Beirut's last public beach has become a battleground in the city's fight for public space

The locals enjoy Ramlet al-Baida beach in 2007. Image: Getty.

Beirut's last public beach has become a battleground in the fight to expose Lebanon's disappearing public spaces, privilege and rampant development. Protesters have been taking to Ramlet al Baida beach to oppose construction of the private Eden Bay Resort, which describes itself as having, “A privileged sense of style”.

Lebanon's coastline is being swallowed up – and activists fear this project could be the death knell for Beirut's only remaining public beach.

“These spaces are being threatened by real estate developments, suffocating the city even more,” says urbanist Nadine Bekdache. Already, the city only has 0.8m2 of green space per person, when the minimum according to the World Health Organization, the minimum should be should be 9m2.

The Lebanese summer is hot, and electricity for air conditioning scarce: in Beirut's concrete jungle, life can become unbearable. So Ramlet al Baida is the only place for Beirut's many less-privileged families to escape and socialise. When the makeshift houses of fishing families were destroyed two years ago in Dalieh, not far from the beach, it was seen as the beginning of the takeover. 
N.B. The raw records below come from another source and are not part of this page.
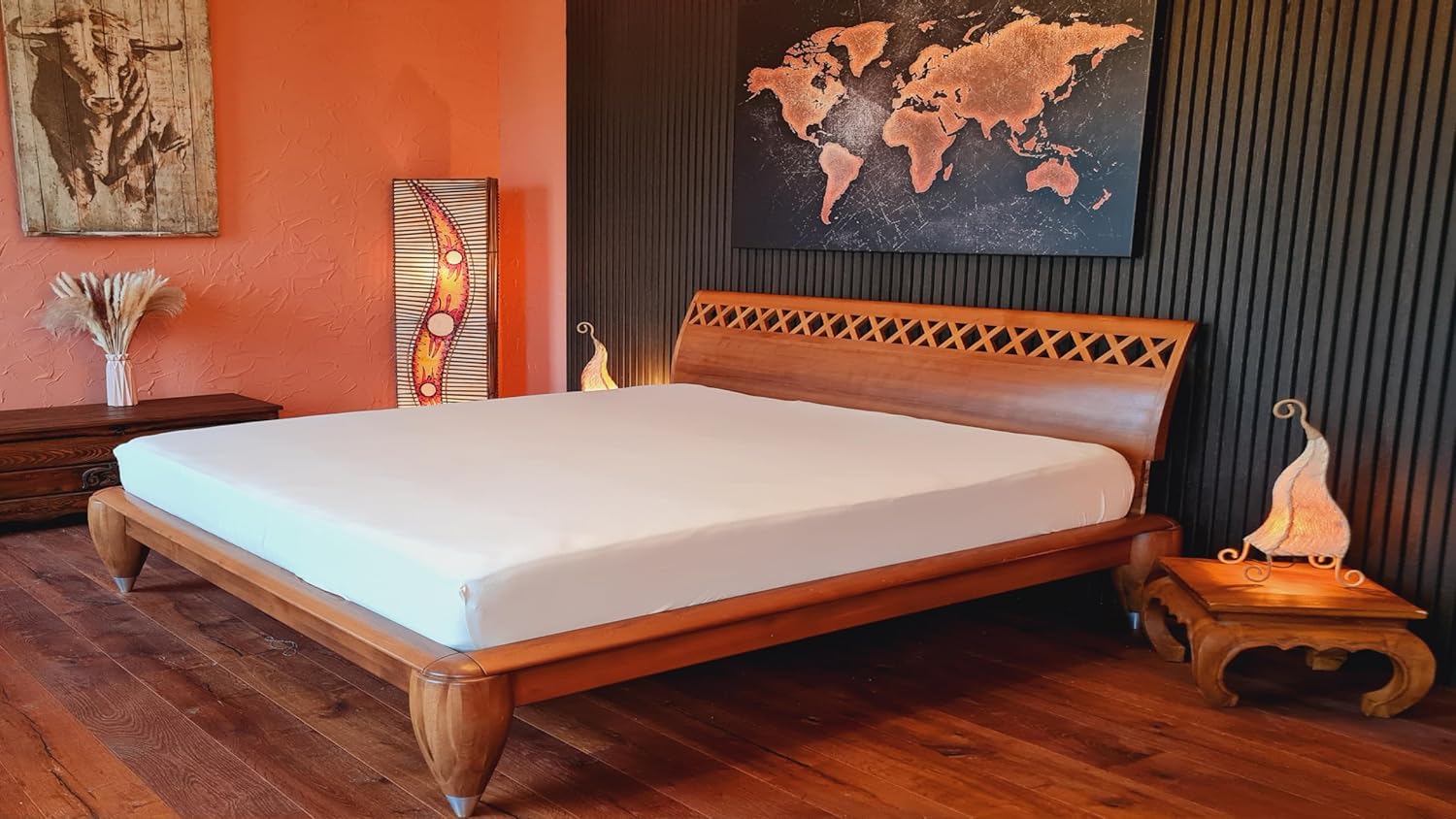 • Размер: памучен чаршаф с еластична материя с размери 180 x 200 до 200 x 220 см с екстра висок мост (40 см) - подходящ за водни легла, легла с пружинна основа и всички матраци с височина до 35 см с размери 180 x 200, 180 x 210, 180 x 220, 200 x 200 000, 200 x 210 и 200x220
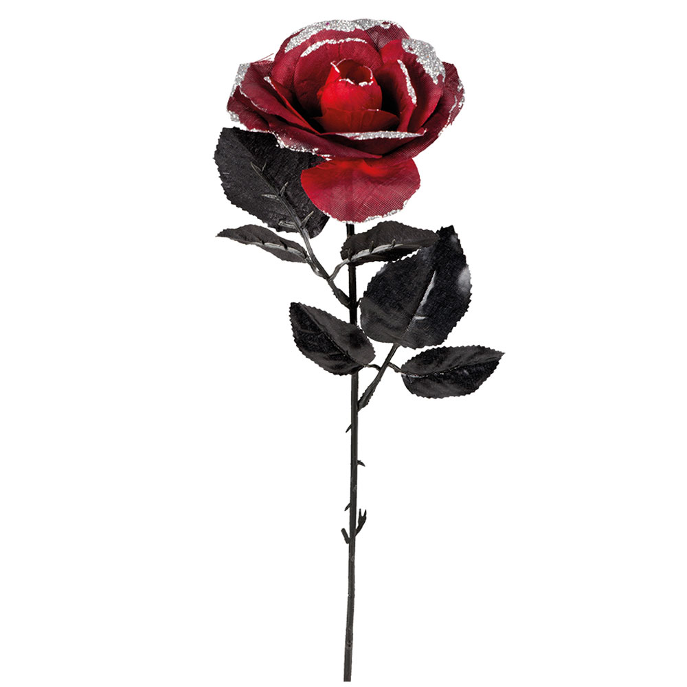 Den här tygrosen kan passa snyggt till vampyr maskeraddräkter och lite annat roligt, kanske vill du till och med ge den till din älskade, med sin mörkröda färg kommer den att imponera på de flesta. Tygblommor kanske inte är lika populära som riktiga rosor, men just denna konstgjorda ros har till och med glitter på, vem älskar inte glitter?
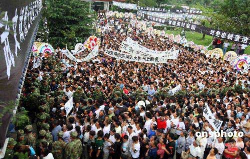 图为烈士武文斌生前所在部队的官兵和社会各界人士近万人参加遗体告别仪式,送别抗震救灾英雄。中新社发 曾宪平 摄
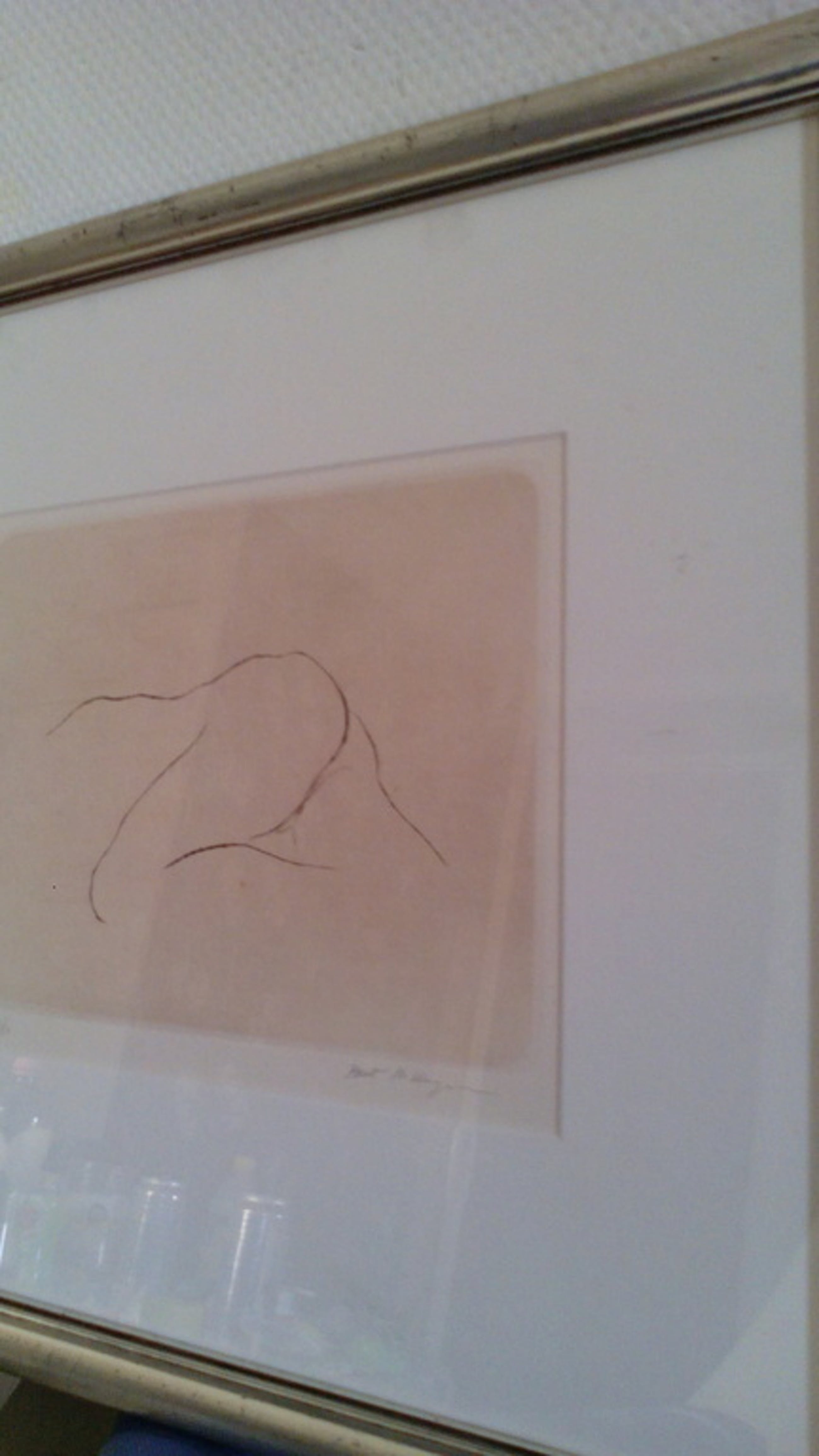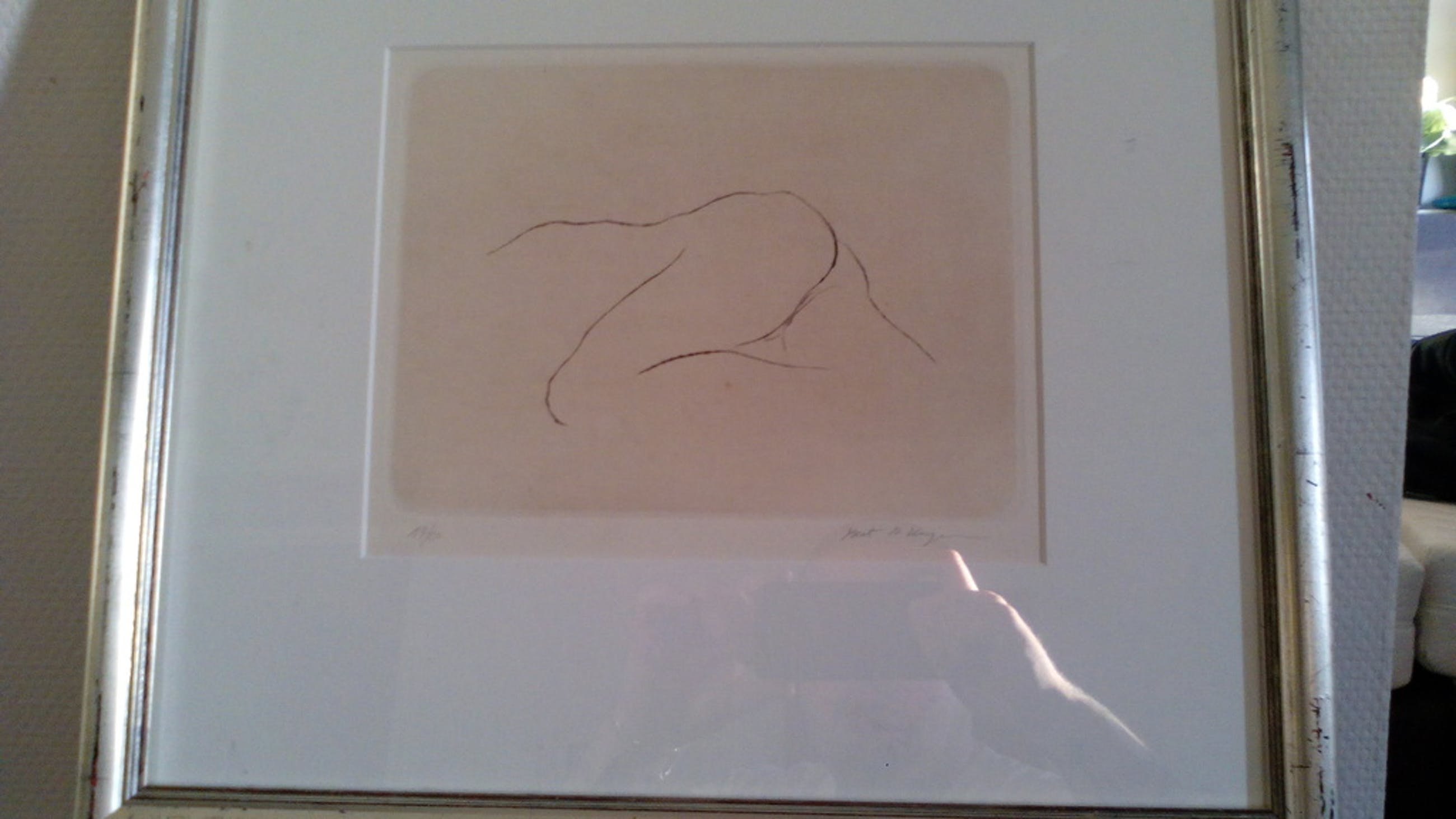 Droge naald ets, door Bert de Keyser. Naakte vrouw als model.gesigneerd, ingelijst en achter glas.jaartal 1996.Droge naald ets.
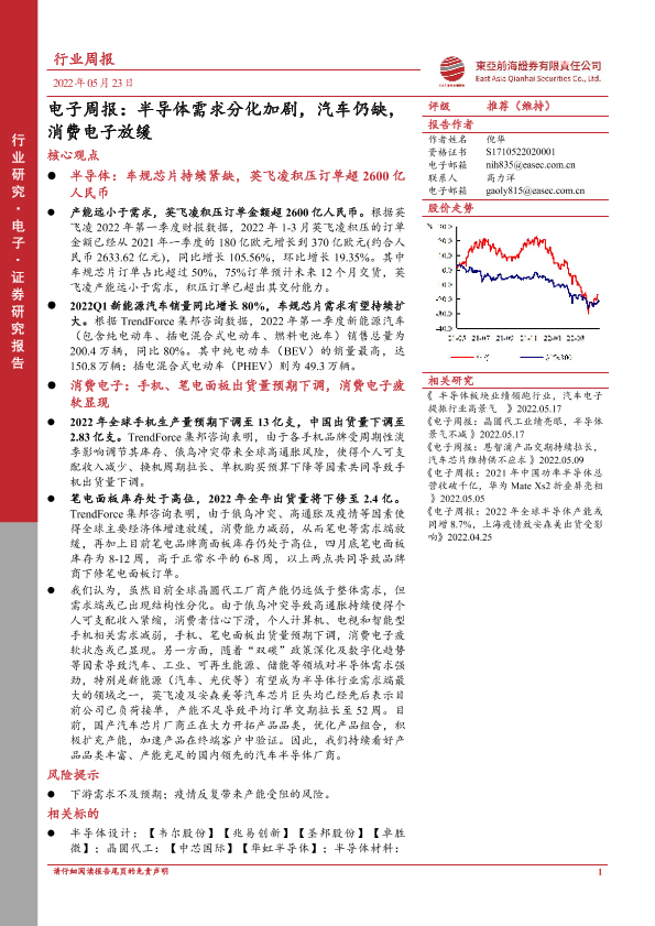 【东亚前海证券】【20220523】电子周报:半导体需求分化加剧,汽车仍缺,消费电子放缓-18页
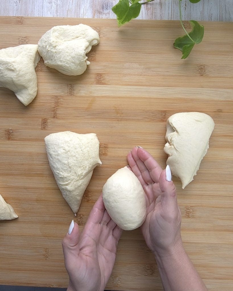 Nach der Ruhezeit teilen Sie den Teig in 6 gleiche Teile.
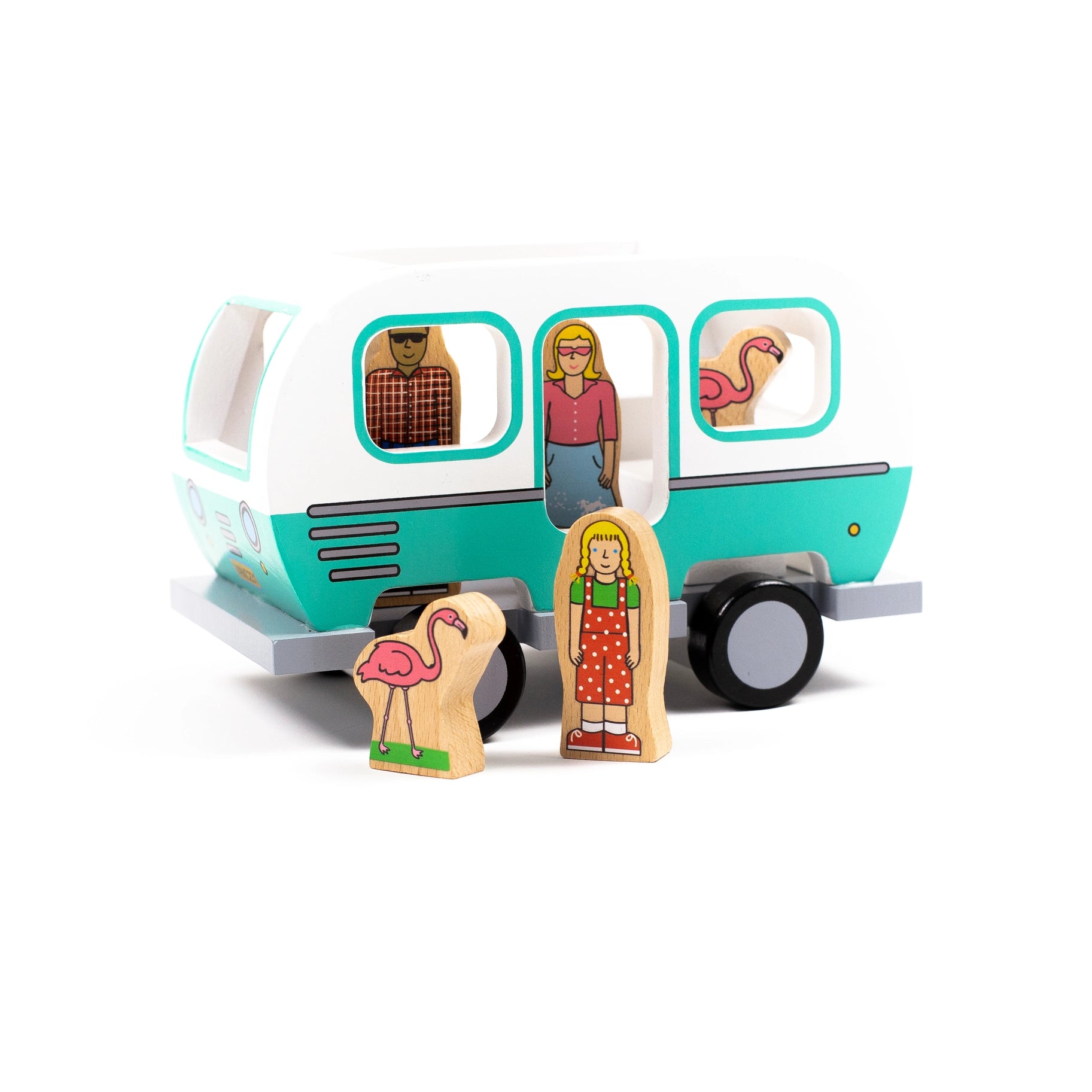 This camper is ready to head out on adventure with the whole family - all with little magnets so they stay put on the go. Chunky figures make for easy play.
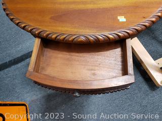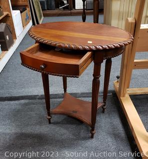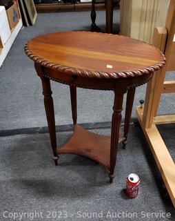 Lot #0011: Oval Single Drawer Cherry Finish 2-Tier Table
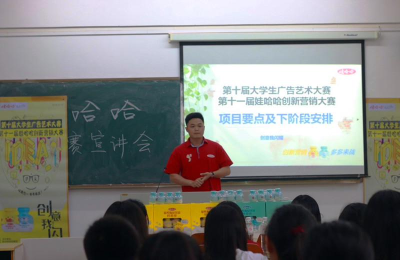 据悉,大赛设立了一二三等奖奖励销售情况较好的团队,表现优秀的团队成员可以获得毕业后进入娃哈哈公司实习的机会。此次宣讲会持续一个多小时,最终圆满结束。通过这次宣讲会,参会的同学体会到创新营销大赛是一个展示个人商业头脑,锻炼各方面能力的好机会,预祝参与营销创新大赛的各位参赛选手们在大赛中取得优异成绩。(广告协会供稿)

This year the World Monuments Fund listed Dalieh in its annual watchlist. Two of the 50 global cultural heritage sites the fund says face “imminent threats” are in Beirut.

“Used as a public space for more than 7000 years, the Dalieh of Raouche may become the latest victim of a development frenzy that has destroyed or privatised many of Beirut’s open spaces,” the fund says.

In Lebanon, protecting open spaces means challenging the power of the elite to co-opt common land. The revolt against the Ramlet al Baida development is part of a new political flame sparked by last year's garbage crisis, during which trash rotted in the streets as ministers failed to address the city's lack of garbage dump. Many people from the “You Stink” movement the garbage crisis spawned have mobilised to protect the beach.

Whard Sleiman, a 24 year old architecture student who was injured during a recent confrontation with construction workers at the beach, is sick of the loopholes that enable political cronies to help each other out at citizens' expense. “When you're living in a city that has no public space, save for one park, and no public beach, save for one shore that's being polluted by sewage and garbage and plastic – the state of Ramlet al Baida is awful – you can't stay quiet,” Sleiman says.

Shore developments in Lebanon are always legally murky. Mona Fawaz, an associate urban studies and planning professor at the American University of Beirut, details at some length the “lack of transparency in public records and their numerous contradictions”.


“I found a 1925 law [144/S] which clearly states that all sandy beaches are public and inalienable,” Dr Fawaz wrote for The Lebanese Centre for Policy Studies. “Then I found a [1933] property record that supposedly inscribes Beirut’s large sandy beaches as the private property of a handful of individuals.”

There’s more: “...a 1954 regulatory framework that states as one of its basic principles that all zones between the seafront Corniche and the sea are unbuildable, then numerous changes, revisions, exceptions, exemptions, incentives, and modifications of this regulation that reverse protections, intensify exploitation, and encourage privatisation.”

All this makes it very difficult to work out what the law even is.

New kids on the political block, Beirut Madinati (Beirut My City), comprises a large number of urbanism professionals. The new party's programme is thoroughly focussed on improving the city's liveability – the second aim of its 10-point program is to increase green space.

Bekdache is part of their seafront taskforce, and argues that the city's social and cultural soul was suppressed when its public spaces were privatised. She says public spaces were deliberately neglected by authorities to dissuade people from using them, which excluded those who couldn't afford to pay for private facilities.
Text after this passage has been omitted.